(Beginning of INPUT DATA)
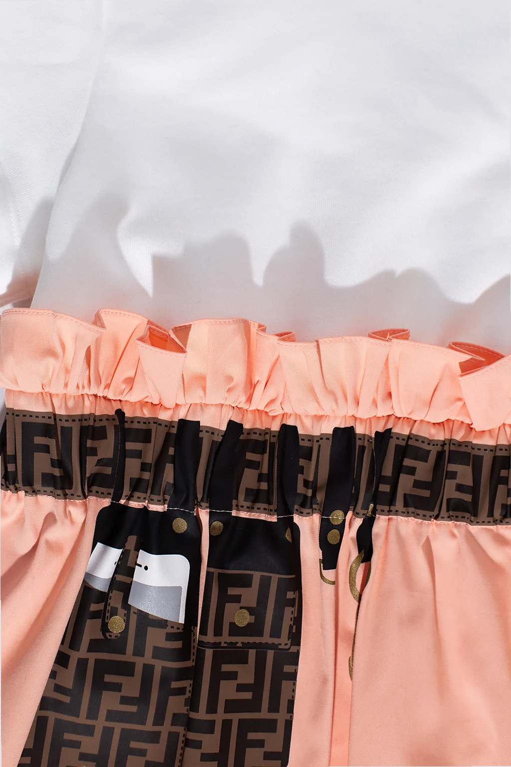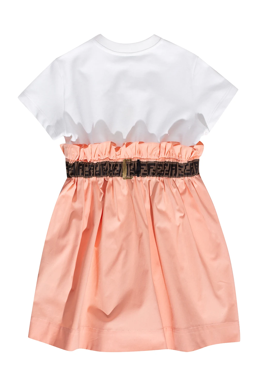 White and orange dress from Fendi Kids. Crafted from cotton, this short sleeve design features an elastic waistband and printed logo pattern in brown.
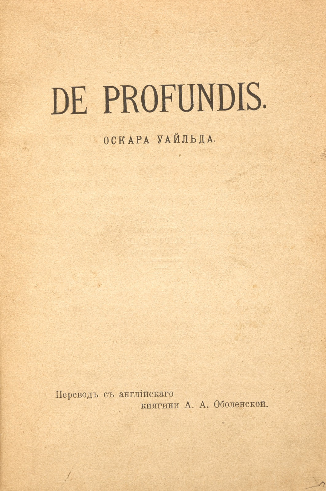 First and only edition of this translation. First Russian edition of 'De Profundis' as a separate book.
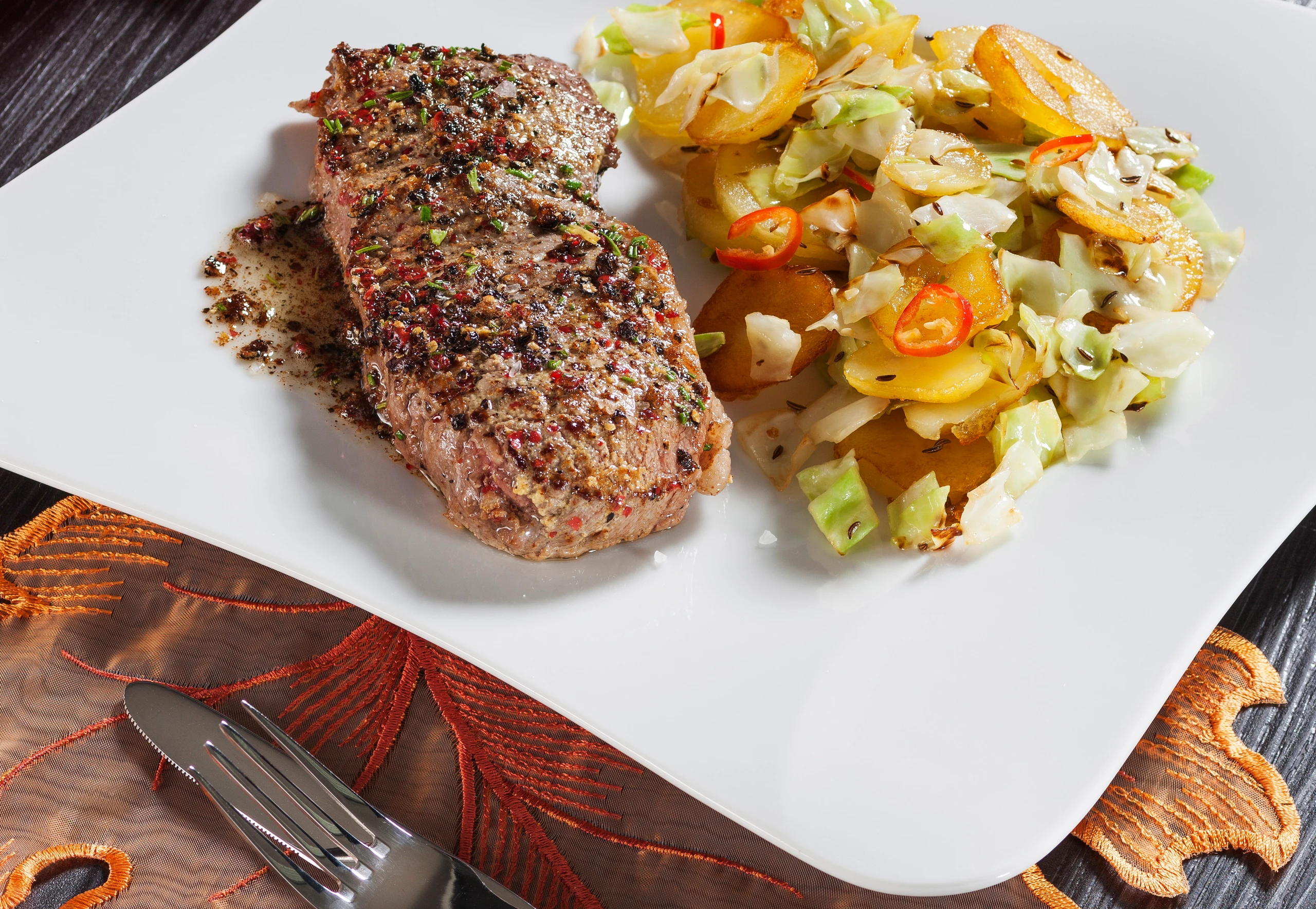 - Steaks beidseitig salzen, mit Senf bestreichen, mit Rosmarin und Pfeffer bestreuen. In einer Pfanne 3 EL Öl erhitzen, Fleisch darin beidseitig braten. Fleisch herausnehmen und mit dem Gröstl anrichten.
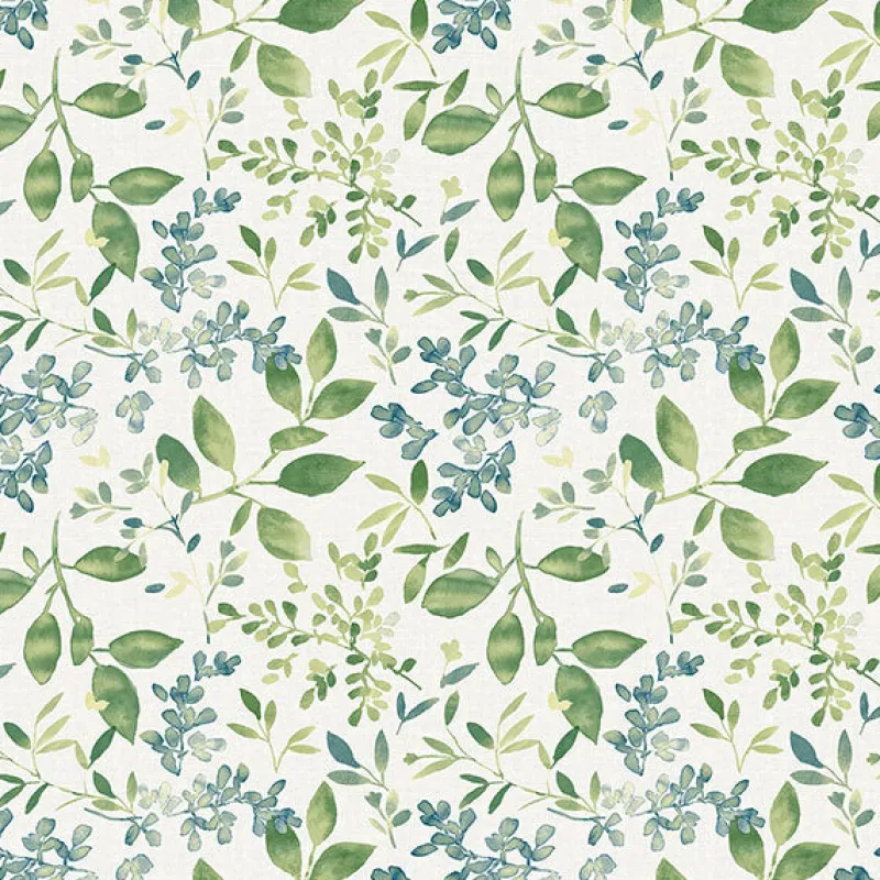 This enchanting botanical wallpaper brings the tranquility of the woods to your home. The leafy branches are painted in an array of watercolor greens and blues against a white backdrop with the look of fine woven linen. Tinker is a prepasted, acrylic coated paper wallpaper.
(End of INPUT DATA)
● **TASK TO COMPLETE**:
Without any pictures, please write out the lines from the one containing "First and only" through the final line of the data, exactly and inclusive of both ends.

● **ANSWER BOX**:
 First and only edition of this translation. First Russian edition of 'De Profundis' as a separate book.
 - Steaks beidseitig salzen, mit Senf bestreichen, mit Rosmarin und Pfeffer bestreuen. In einer Pfanne 3 EL Öl erhitzen, Fleisch darin beidseitig braten. Fleisch herausnehmen und mit dem Gröstl anrichten.
 This enchanting botanical wallpaper brings the tranquility of the woods to your home. The leafy branches are painted in an array of watercolor greens and blues against a white backdrop with the look of fine woven linen. Tinker is a prepasted, acrylic coated paper wallpaper.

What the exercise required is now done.